The humble Derby, also known as a Blucher, Gibson or Lorne, is a style that is mentioned as far back as the late 1800’s. Having survived nearly two centuries of fashion and footwear development, we felt it necessary to explore the beginnings of such a staple style.
The Derby is possibly the most versatile of all shoe styles, bridging the gap between smart and smart casual wear with ease, whilst also lending itself to numerous different variations of styles. For the more technical, a Derby is a boot or shoe with the eyelet tabs stitched on top of the vamp.
During the Napoleonic wars, fashion generally assumed an air of militarian inspiration. Boots or Derby boots, which had only been worn by soldiers for half a century or more, once again came into fashionable prominence. Although there are many theories as to why the Derby style was developed, we can be sure that one of the first articles the Derby style received was in 1872, by St Crispin's, which noted;
The Derby or new tie shoe. Better than the Oxonian as the seam is not near the tender part of the foot.
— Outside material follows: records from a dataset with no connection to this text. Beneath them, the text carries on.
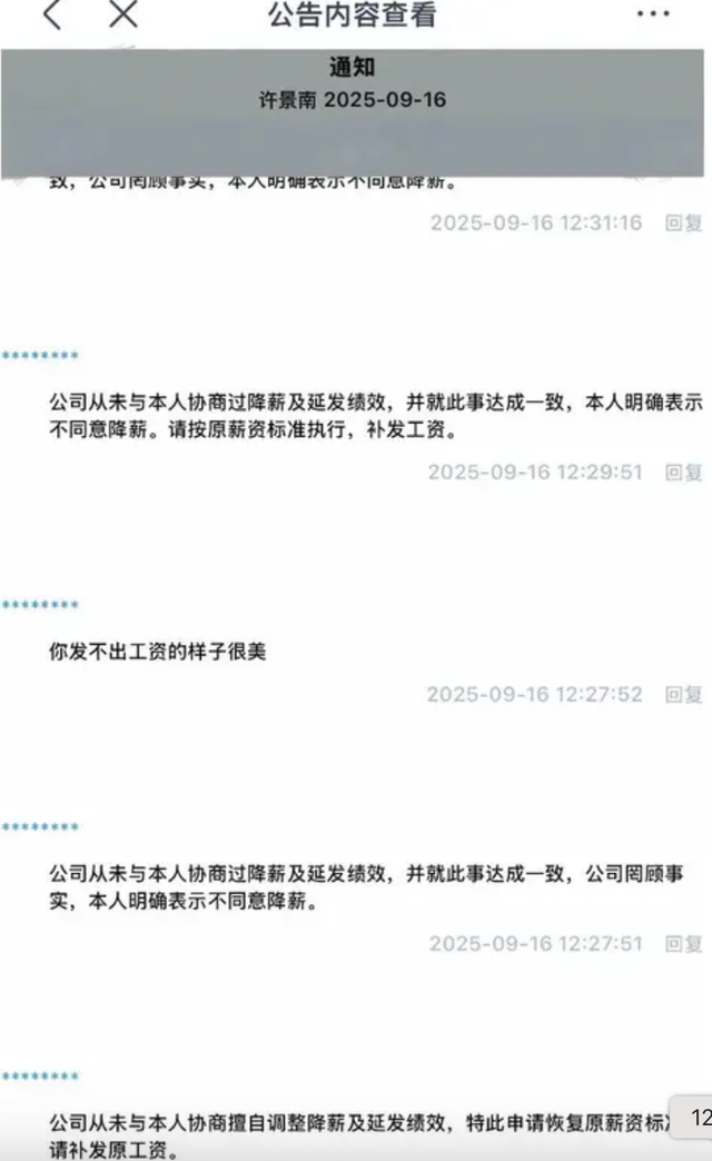 有受訪員工表示,9月11號(發(fā)薪日前四天)確實有開會講過降薪一事并提及降薪的幅度。但當時沒有征求大家同意的環(huán)節(jié),會議也不是全員參加。會后沒發(fā)布正式的文件公告、也未進行一對一溝通,大家月中發(fā)完工資以后董事長才發(fā)了那個落款為9月16號的通知。
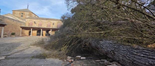 Según ha explicado López de la Nieta, las fuertes rachas de viento han provocado la caída de numerosos pinos sobre el edificio, además de causar el desplazamiento de tejas en las cubiertas.
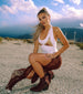 Achieve a sultry goddess allure with this metal chain bra featuring triangular cup designs and dual adjustable back chains with lobster clasp closures. Perfect for a concert or festival. complete the look with a mini skirt.

Especially good in Summer, allows the foot to swell.
This is clearly referring to the generous fitting qualities of a Derby, which still appeals to Crockett & Jones customers old and new.
Although we have found mentions of Crockett & Jones Derby's dating back over a century, a favourite was pictured in St Crispin’s, (Saint Crispin is the patron saint of cobblers, tanners and leather workers!) describing the style as a ‘light brown suede, monk tie (the contemporary description) by Crockett & Jones, Northampton. Round toe, 1-inch stacked heel, two pairs of eyelets' adding that this particular Derby was ‘rather daring fashion’.
Past the ‘daring fashion’ status, Crockett & Jones have gone on to produce an array of classic Derby styles in a number of high quality leathers that have adorned the wardrobes of customers for year upon year.